- **ACTION ITEM**
Return the listing below unchanged, but without pictures.

- **DATA SHOWN**

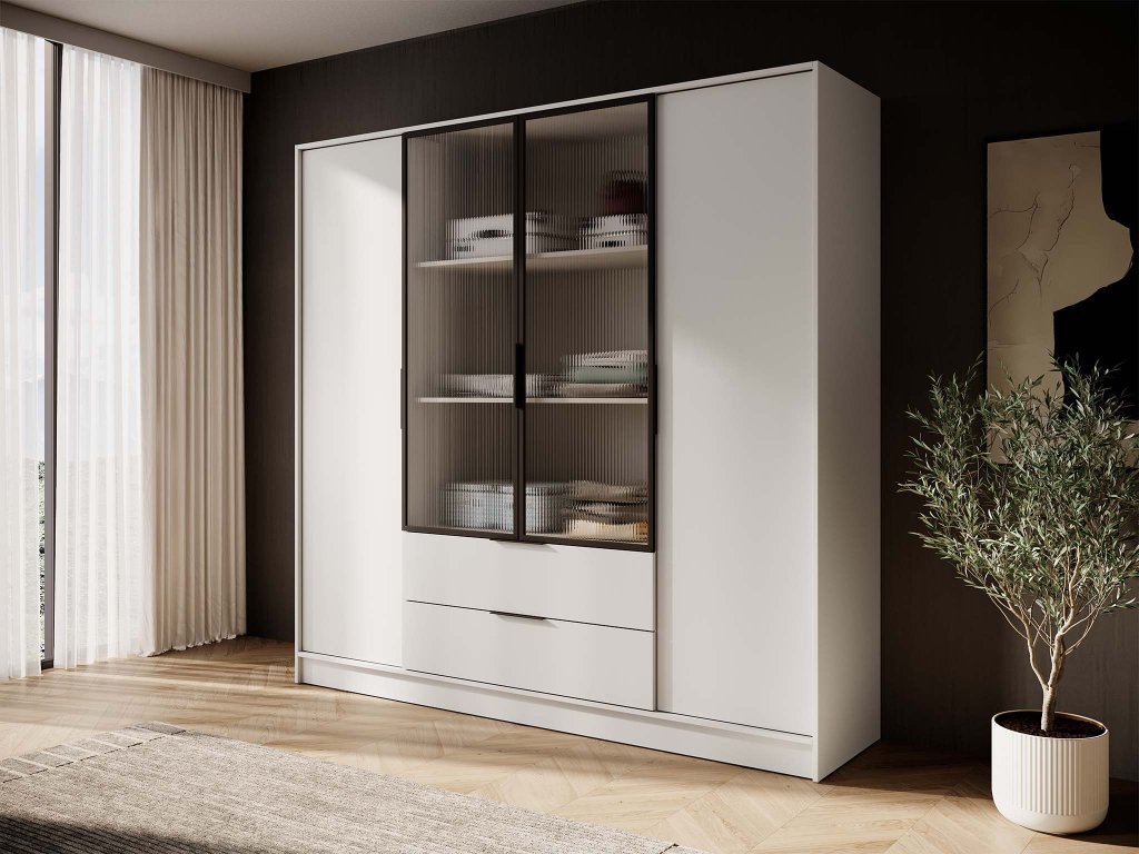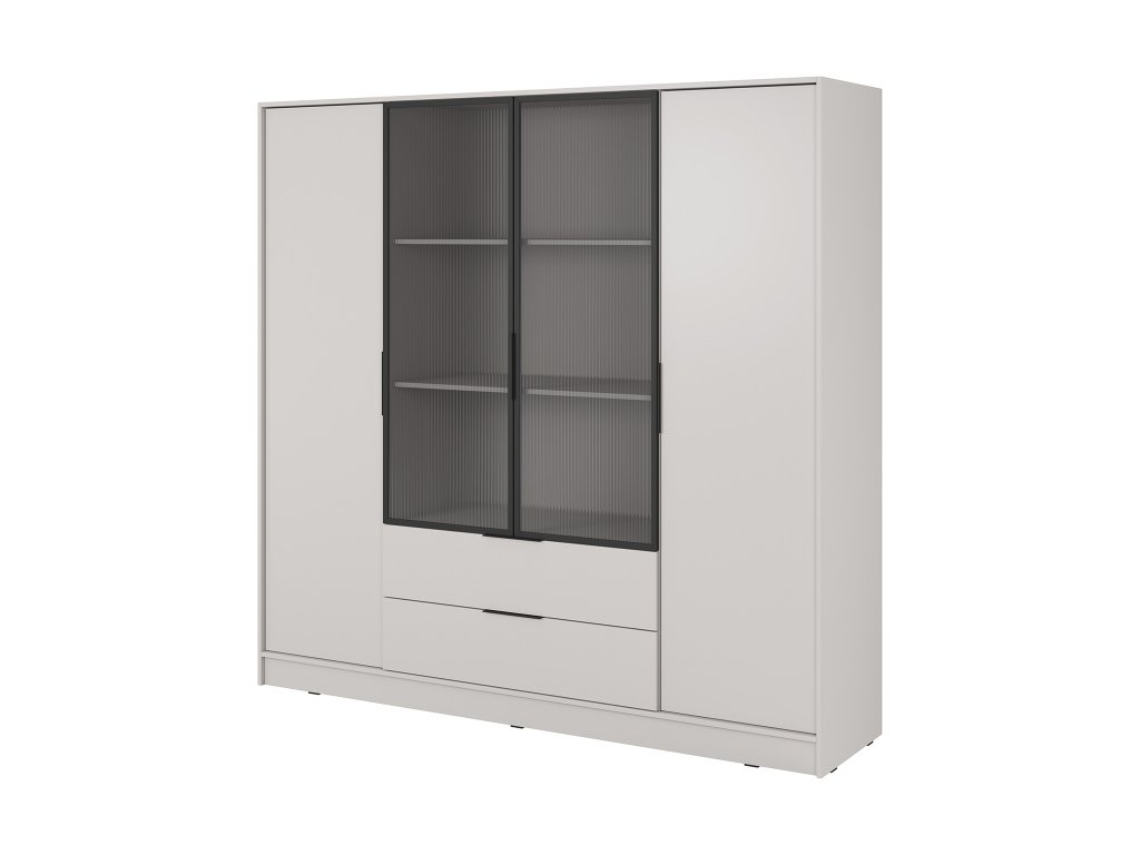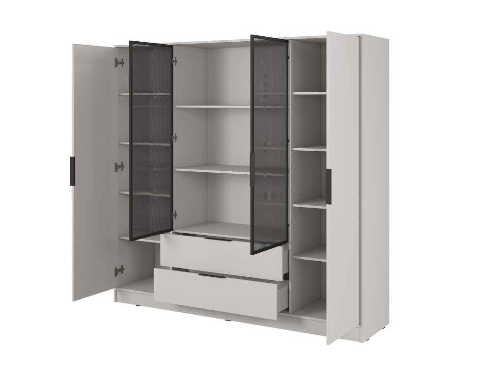 Számos polccal és fiókkal is rendelkező KELLY 200 4D-RM négyajtós kasmír gardróbszekrény a stílusos otthonokba. A két oldalsó egyajtós szekrény polcokat tartalmaz, amelyeknek köszönhetően könnyen rendet tarthat a ruhásszekrényében. Középső részében két tágas fiók található, felettük pedig egy kétajtós szekrény található gyönyörű bordázott üvegajtókkal, amely egy két széles polcot rejt. A szekrény 16 mm vastag laminált bútorlapból készült, és ABS élekkel van biztosítva a hosszabb élettartam érdekében. A fekete fogantyúk nemcsak megkönnyítik a nyitást, hanem kiemelik a bútor modern megjelenését. Jó választást jelenthet a hálószobájába vagy a nappalijába is.
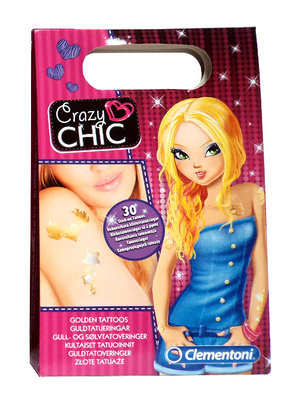 Bogaty i bezpieczny zestaw, aby wykonać fantastyczne, tymczasowe tatuaże o złotym połysku. Wybierz rysunek i posyp brokatem. będzie się wydawało, że nosisz na skórze prawdziwy klejnot. Zawiera wszystkie akcesoria oraz kompletny przewodnik, aby wykonać w sposób łatwy i bezpieczny przeróżne tatuaże w stylu Crazy Chic.
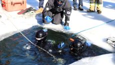 영주소방서, 단산저수지서 얼음 붕괴 상황 재현…혹한 속 구조 훈련

- **TASK RESPONSE**
 Számos polccal és fiókkal is rendelkező KELLY 200 4D-RM négyajtós kasmír gardróbszekrény a stílusos otthonokba. A két oldalsó egyajtós szekrény polcokat tartalmaz, amelyeknek köszönhetően könnyen rendet tarthat a ruhásszekrényében. Középső részében két tágas fiók található, felettük pedig egy kétajtós szekrény található gyönyörű bordázott üvegajtókkal, amely egy két széles polcot rejt. A szekrény 16 mm vastag laminált bútorlapból készült, és ABS élekkel van biztosítva a hosszabb élettartam érdekében. A fekete fogantyúk nemcsak megkönnyítik a nyitást, hanem kiemelik a bútor modern megjelenését. Jó választást jelenthet a hálószobájába vagy a nappalijába is.
 Bogaty i bezpieczny zestaw, aby wykonać fantastyczne, tymczasowe tatuaże o złotym połysku. Wybierz rysunek i posyp brokatem. będzie się wydawało, że nosisz na skórze prawdziwy klejnot. Zawiera wszystkie akcesoria oraz kompletny przewodnik, aby wykonać w sposób łatwy i bezpieczny przeróżne tatuaże w stylu Crazy Chic.
 영주소방서, 단산저수지서 얼음 붕괴 상황 재현…혹한 속 구조 훈련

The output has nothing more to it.